But the important point ultimately to be realized in this shell game is that the League Office consistently runs a negligible if not negative profit and therefore it enjoys no real net economic advantage to being tax exempt. So why would the NFL in all of its collective wisdom put up with the public relations headache of the indignity of being tax exempt?

Here is an interview I gave USAToday and Tax Analyst trying to explain what was going down.

  • Why the NFL wants it, and whether there’s a case to be made for them just giving up their tax exemption as MLB did in 2007 I have no idea why they want to preserve the tax exemption and endure the adverse public relations blow-back. The NFL is truly amazing in that they have once again managed to find an insular political point of view that unites liberals and conservatives in its opposition, and leaves the entire political spectrum scratching its head in disbelief. It now appears all G-4 has been moved to NFL Ventures LLC, and that NFL Office is simply a pass through conduit for revenue sharing and distribution of national income including the mega TV deal of $160 million per club not including DirecTV and NFL Network ($44 million per club) which are located under the NFL Ventures umbrella.   The successful G-3 program loans receivable and notes payable comprised a lion’s share (80 percent) of both sides of the ledger (IRS 990-2012), but the G-3 was discontinued in 2006 (see below). It almost seems that all accounting business is in effect being siphoned over to NFL Ventures and that the NFL Office will gradually atrophy in the long anyway. The NFL has already moved its loan business to Ventures in 2006 for the same reason that MLB gave up the ghost in 2007 (see below).

    2)     What, if any, impact the presence of multiple bills in Congress to revoke the league’s exempt status has, and the impact of the league’s current troubles on that pending legislation.

    Of course the NFL’s inept chaotic internal governance has created a rash of public posturing on their own behalf and on behalf of self-serving political agendas and grandstanding politicians. Revoking the NFL’s tax exempt status will be like throwing br’er rabbit in the briar patch. It even seems that the NFL is currently sacrificing valuable tax write offs for a tax exempt association that is chronically running an accounting loss. (although they did show a modest $9 million profit in 2012).  Either the league will abandon its tax-emption and hide Roger Goodell’s salary in the next owners meeting for favorable publicity or they will continue on the transition from Office to Ventures that is already well under way.

    3) Does tax exemption mean anything more or anything different to the NFL than it does to the other 501c6 sports groups like the NHL and PGA & LPGA tours that would be caught up in a bill to revoke it?

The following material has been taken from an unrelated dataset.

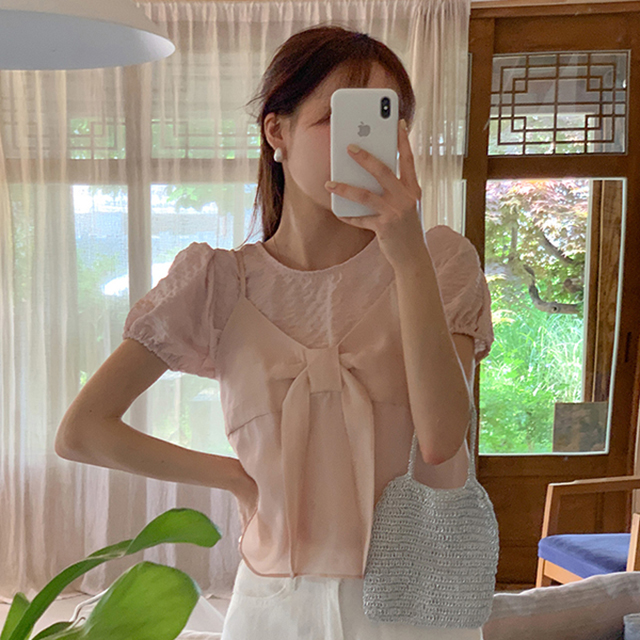 [original]リンクルシャーリングパフ夏半袖ブラウス(3color)

    After careful thought (and reading your article from last Thanksgiving) I fail to see any significant advantage of the tax exempt status for the NFL Office/Ventures hybrid organization now or in the future any gains or losses seem insignificant compared to the public relations disaster the League has now created. All of the major sports Leagues have lines of credit and loan facilities for their partner clubs and none of them would gain a significant tax advantage from the exemption.  The important difference of course in the NFL was the Office’s G-3 loan program and is Ventures G-4 extension and there does not appear to be any tax exempt advantage over the loan syndication advantage already legally enjoyed by the League.

    Here is my thinking on the NFL:

    1.The new G-4 stadium loan program is being funded under NFL Ventures LLC through bond issues rated AAA which gives the Big NFL Bank (BNB) the best corporate rates.

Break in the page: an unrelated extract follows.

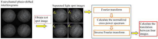 Kiire et al. [60] obtained extremely low contrast interferograms by adjusting the optical path so that the four patterns had similar gray distribution, and they used the spatial cross-correlation algorithm to determine the position matching relationship between the interferograms. Zheng et al. [22,61] used the phase correlation algorithm (PCA) for the test light spot image to obtain position registration. Its principle is similar to that of Kiire’s algorithm [43]. The only difference is that Kiire’s algorithm is a spatial domain correlation algorithm and Zheng’s algorithm [61] is a frequency domain correlation algorithm. The theoretical basis of PCA is based on the translation characteristic of 2D image Fourier transform, which means that the displacement in the spatial domain is equivalent to the phase shift in the frequency domain.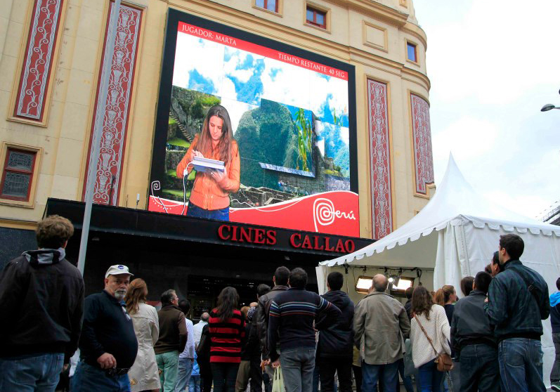 Aprovechando las últimas tecnologías digitales, プロムペルー, アンデス国の観光促進局, tomó por sorpresa a los transeúntes en la Plaza de Callao de Madrid los días 28 y 29 de septiembre con el fin de establecer un contacto personal con el destino mediante diversas actividades interactivas.

    2.The old G-3 stadium loan program was funded from 1999 to 2006 under NFL Office (an unincorporated nonprofit association) under the best corporate rates. (I have checked all of the bond issues reference in the Dead-spin leaked auditor’s report p. 15).  All NFL Office bonds were issued at the AAA bond rate on their respective dates. These are very attractive low risk market prices derived from the syndication of risks of all NFL clubs. I have said that the NFL is the perfect portfolio and that it probably diversifies risk more efficiently that the Federal Government.

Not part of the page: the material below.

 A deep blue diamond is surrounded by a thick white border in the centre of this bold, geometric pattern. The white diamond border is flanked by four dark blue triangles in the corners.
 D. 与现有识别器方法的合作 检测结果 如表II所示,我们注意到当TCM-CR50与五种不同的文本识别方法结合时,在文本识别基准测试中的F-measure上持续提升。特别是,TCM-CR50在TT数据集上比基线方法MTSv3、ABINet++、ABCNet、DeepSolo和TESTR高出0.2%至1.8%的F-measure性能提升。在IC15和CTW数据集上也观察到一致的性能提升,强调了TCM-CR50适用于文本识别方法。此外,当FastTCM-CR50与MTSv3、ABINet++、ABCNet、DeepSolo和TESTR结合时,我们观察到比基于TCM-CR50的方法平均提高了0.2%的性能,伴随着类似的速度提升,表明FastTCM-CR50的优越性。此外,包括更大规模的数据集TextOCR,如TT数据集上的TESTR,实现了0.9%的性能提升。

    3. All this leads  to the conclusion that the G-3 and G-4 stadium funding programs (as well as for-profit NFL Ventures and non-profit NFL Office) are virtually tax neutral and that any accounting gains though tax exemption in the “Office” are lost somewhere else in the conduit pass-through process. So the NFL has no real additional advantage to the credit syndication advantage that the League has over the individual clubs.

    4. Next I am looking through another Dead-spin leaked Deloitte report on Richardson Sports Partnership and find that the Carolina Panthers did not execute a G-3 loan but they do have a line of credit of $69 million which carries an interest rate of one-month Euro dollar rate +150 bps.  The outstanding balance was borrowed at the Eurodollar rate of 1.76% on March 31, 2011.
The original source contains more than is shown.